Given:
The equation of curve is:
[tex]y=\dfrac{2e^x}{1+e^x}[/tex]
To find:
The equation of the tangent line to the given curve at (0,1).
Solution:
We know that the slope of the tangent line at (a,b) is
[tex]m=\dfrac{dy}{dx}_{(a,b)}[/tex]
We have,
[tex]y=\dfrac{2e^x}{1+e^x}[/tex]
Differentiate with respect to x.
[tex]\dfrac{dy}{dx}=\dfrac{(1+e^x)(2e^x)'-2e^x(1+e^x)'}{(1+e^x)^2}[/tex]
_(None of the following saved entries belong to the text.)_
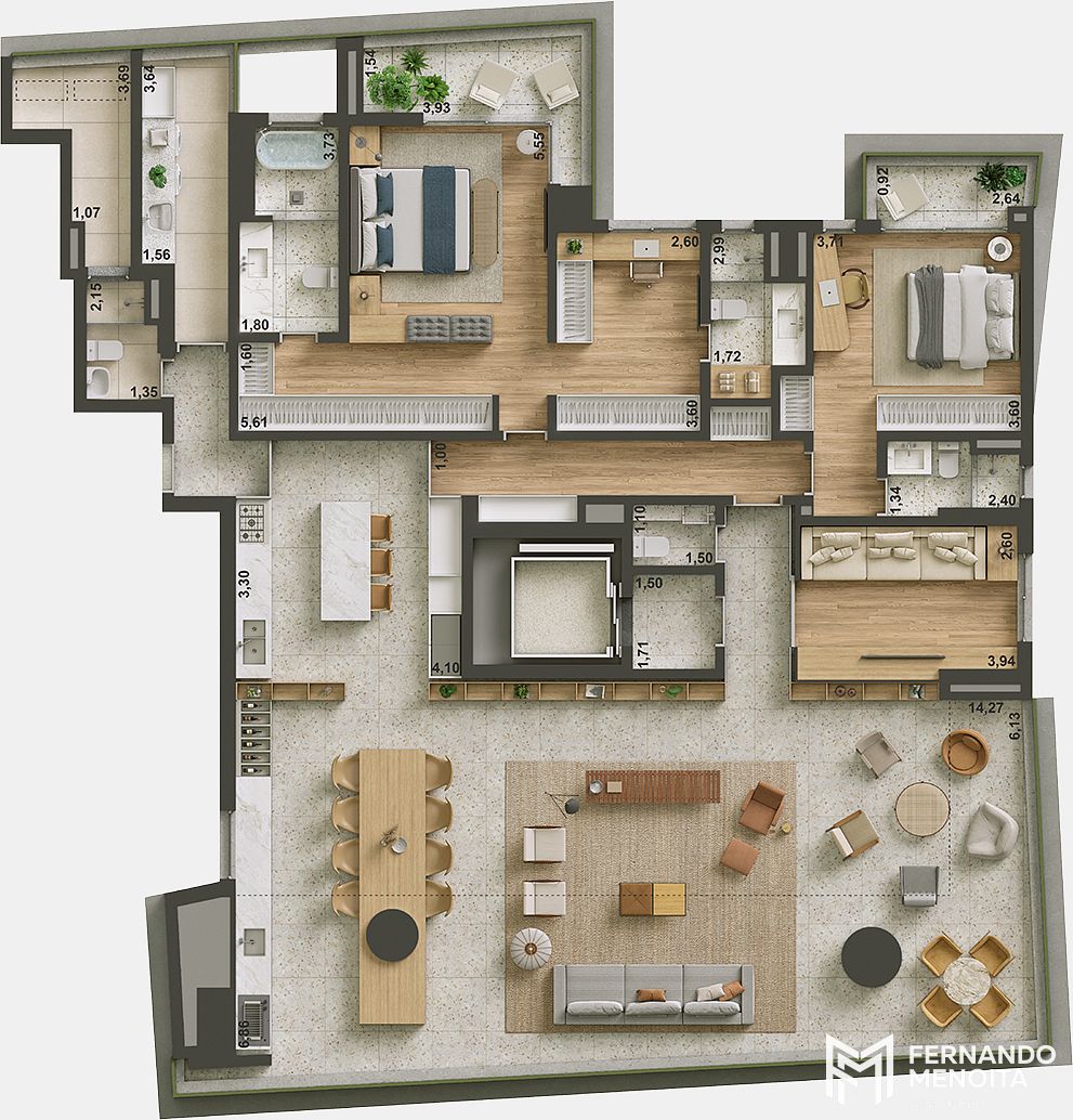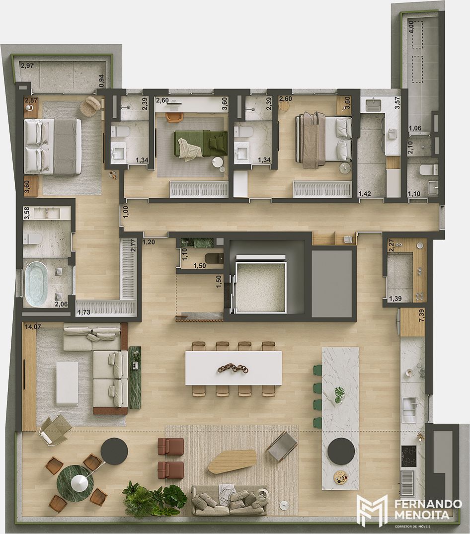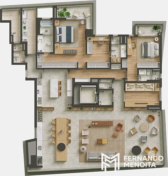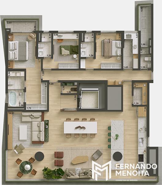 • Garden final 2: 302 m² | 3 suítes ou 4 dormitórios | 3 vagas | depósito 2,94 m²
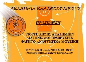 Την Κυριακή 22-6-2025 στο ανοιχτό γήπεδο στο Σχιστό Κορυδαλλού
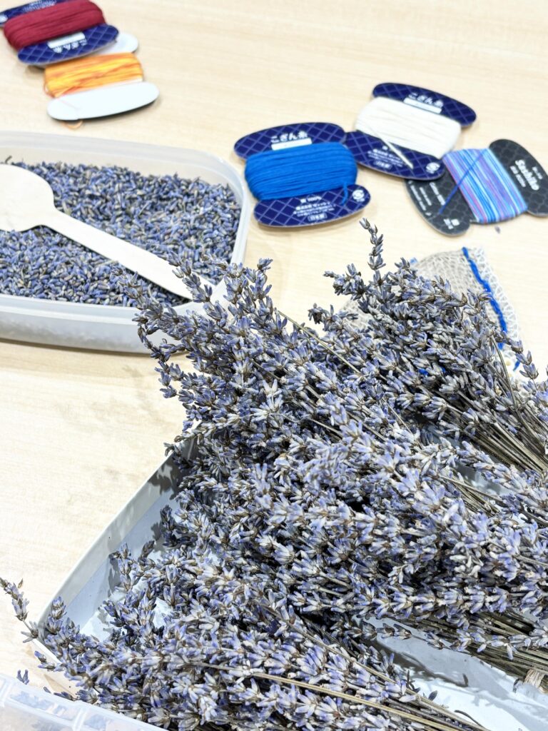 袋ができあがったら、中にラベンダーを丁寧に詰め、香りを閉じ込めるようにひもで口を結びます。完成した瞬間には、ふんわりとラベンダーの香りが広がり、どこか懐かしく、やさしい気持ちになるようなひとときとなりました。
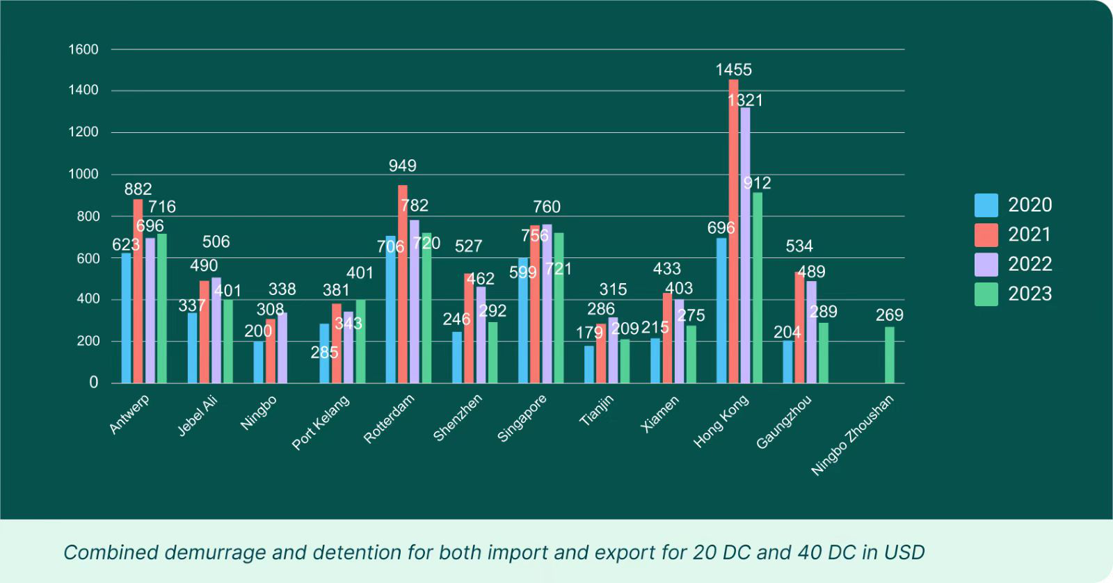 However, there are still 11 ports where Demurrage and Detention fees remain higher as compared to 2020. These ports include Antwerp, Jebel Ali, Ningbo, Port Kelang, Rotterdam, Shenzen, Singapore, Tianjin, Xiamen, Hong Kong, and Guangzhou.
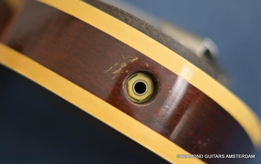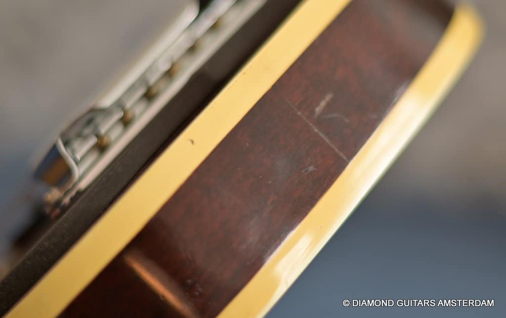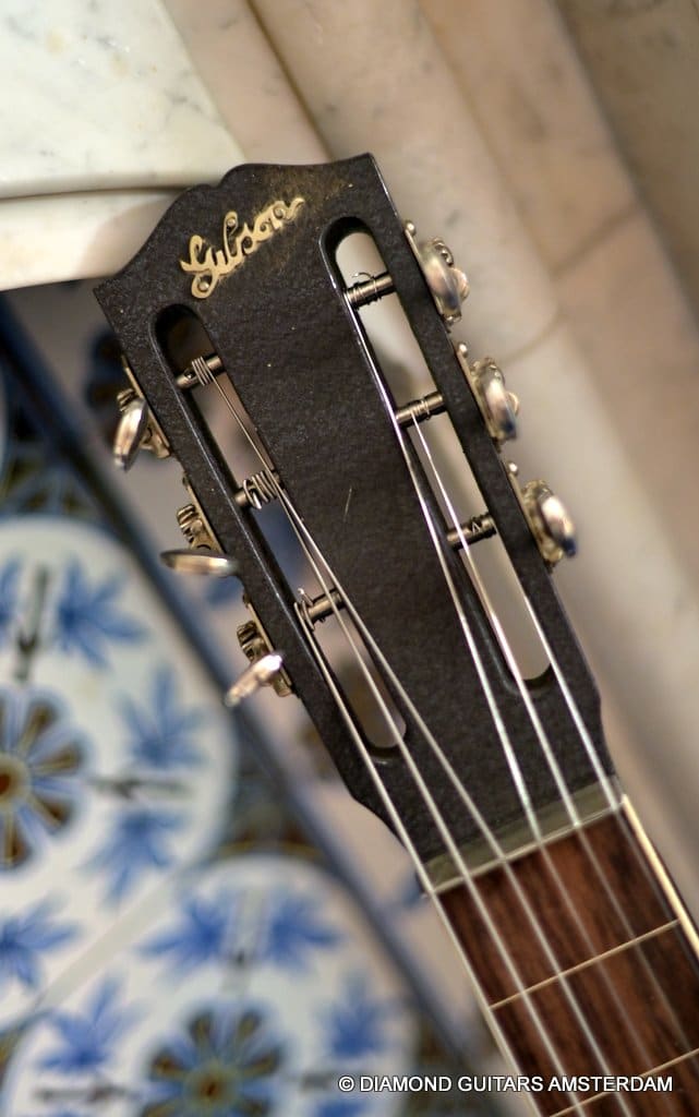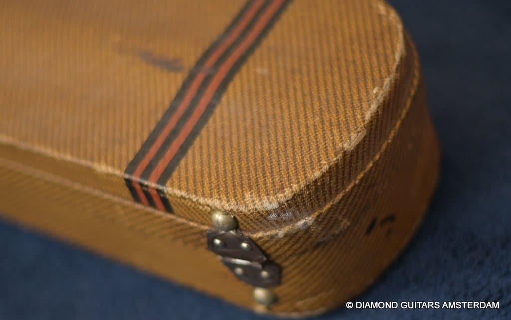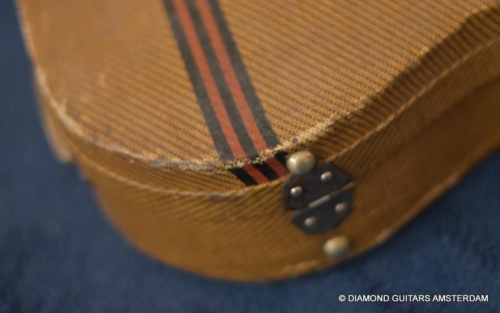 This sweet Gibson EH-185 2nd version Lap Steel Guitar or ‘Hawaiian’ guitar the first electric stringed instrument and hit the market just a few years before Les Paul and Charlie Christian modified their instruments. Gibson stated that this Lap Steel ‘had the quality and tone that players have dreamed about, but have never been able to find in an electric guitar before’, while highlighting ‘its great sustaining power’. The Gibson logo is cut-out of metal and mounted onto a solid cast piece. Original Kluson tuners are mounted on the side. For those of you that encounter EH-185 tuners, they are specific to vertical mounts…thus, they will not fit onto regular EH-150’s. More info on Gibson Lap Steels HERE
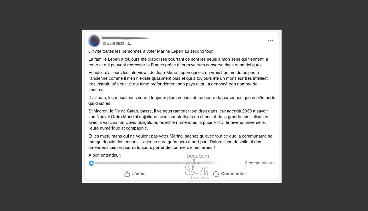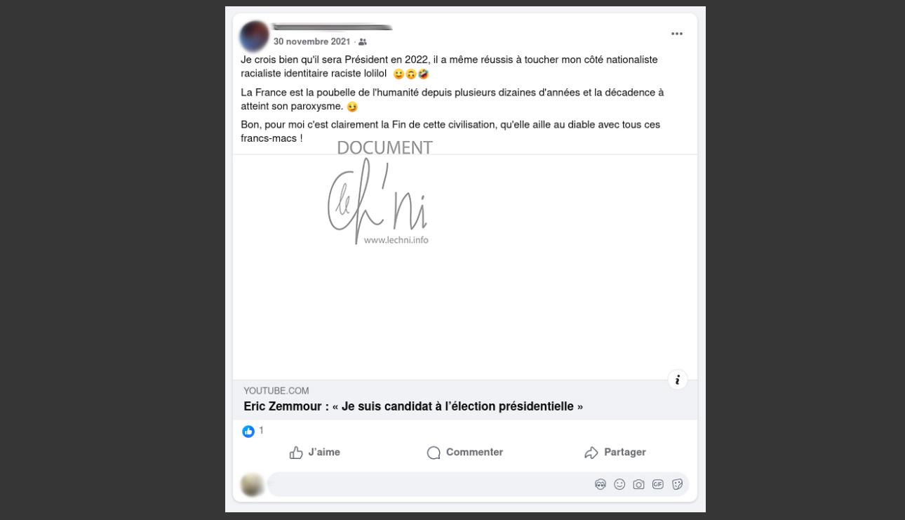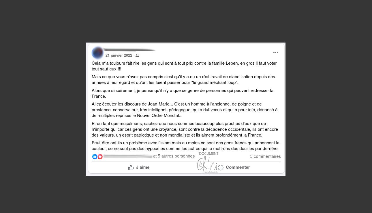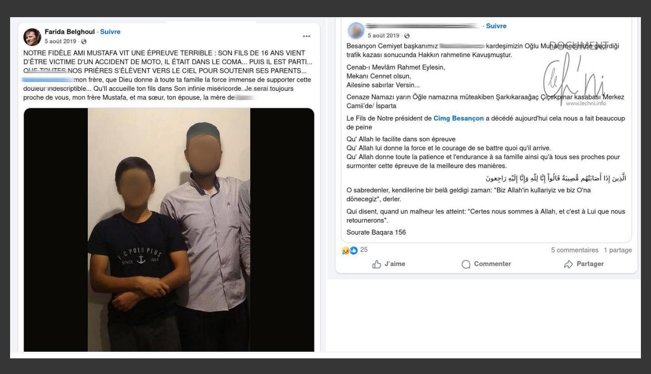 Questionné mercredi 22 octobre par courrier électronique en vue d’une publication ce jour, Hedi Maksoud nous a répondu le lundi suivant qu’il était prêt à donner une suite favorable ; mais, relancé dans la foulée, il n’a, depuis, plus donné signe de vie. Concernant A. via son compte « Facebook », elle confirme qu’elle « regarde et écoute tout le monde… que cela soit des musulmans, des « complotistes », des islamophobes, des néonazis, des politiciens, des coachs de vie divers, influenceurs ect » (lire son retour complet). Pour ce qui est du « collectif Palestine » de Besançon, c’est la présidente de « Palestine Amitié », Françoise Piaget, qui nous a adressé ces précisions : « Hedi [Maksoud] n’est pas au collectif, nous avons été plusieurs à désavouer cette banderole [Frexit] publiquement […] Khaled [Ben M’Barek] s’est mis en dehors du collectif. Le collectif n’a ni approuvé, ni encouragé les échanges avec Toufik-de-Planoise (cf courrier du 10 juillet) ».

[tex]\dfrac{dy}{dx}=\dfrac{(1+e^x)(2e^x)-2e^x(e^x)}{(1+e^x)^2}[/tex]
Slope of the tangent is
[tex]\dfrac{dy}{dx}_{(0,1)}=\dfrac{(1+e^0)(2e^0)-2e^0(e^0)}{(1+e^0)^2}[/tex]
[tex]\dfrac{dy}{dx}_{(0,1)}=\dfrac{(1+1)(2(1))-2(1)(1)}{(1+1)^2}[/tex]
[tex]\dfrac{dy}{dx}_{(0,1)}=\dfrac{(2)(2)-2}{(2)^2}[/tex]
[tex]\dfrac{dy}{dx}_{(0,1)}=\dfrac{4-2}{4}[/tex]
on further simplification, we get
[tex]\dfrac{dy}{dx}_{(0,1)}=\dfrac{2}{4}[/tex]
[tex]\dfrac{dy}{dx}_{(0,1)}=\dfrac{1}{2}[/tex]
The slope of the tangent line is [tex]m=\dfrac{1}{2}[/tex] and it passes through the point (0,1). So, the equation of the tangent line is
[tex]y-y_1=m(x-x_1)[/tex]
[tex]y-1=\dfrac{1}{2}(x-0)[/tex]
[tex]y-1=\dfrac{1}{2}x[/tex]
[tex]y=\dfrac{1}{2}x+1[/tex]
Therefore, the equation of the tangent line is [tex]y=\dfrac{1}{2}x+1[/tex].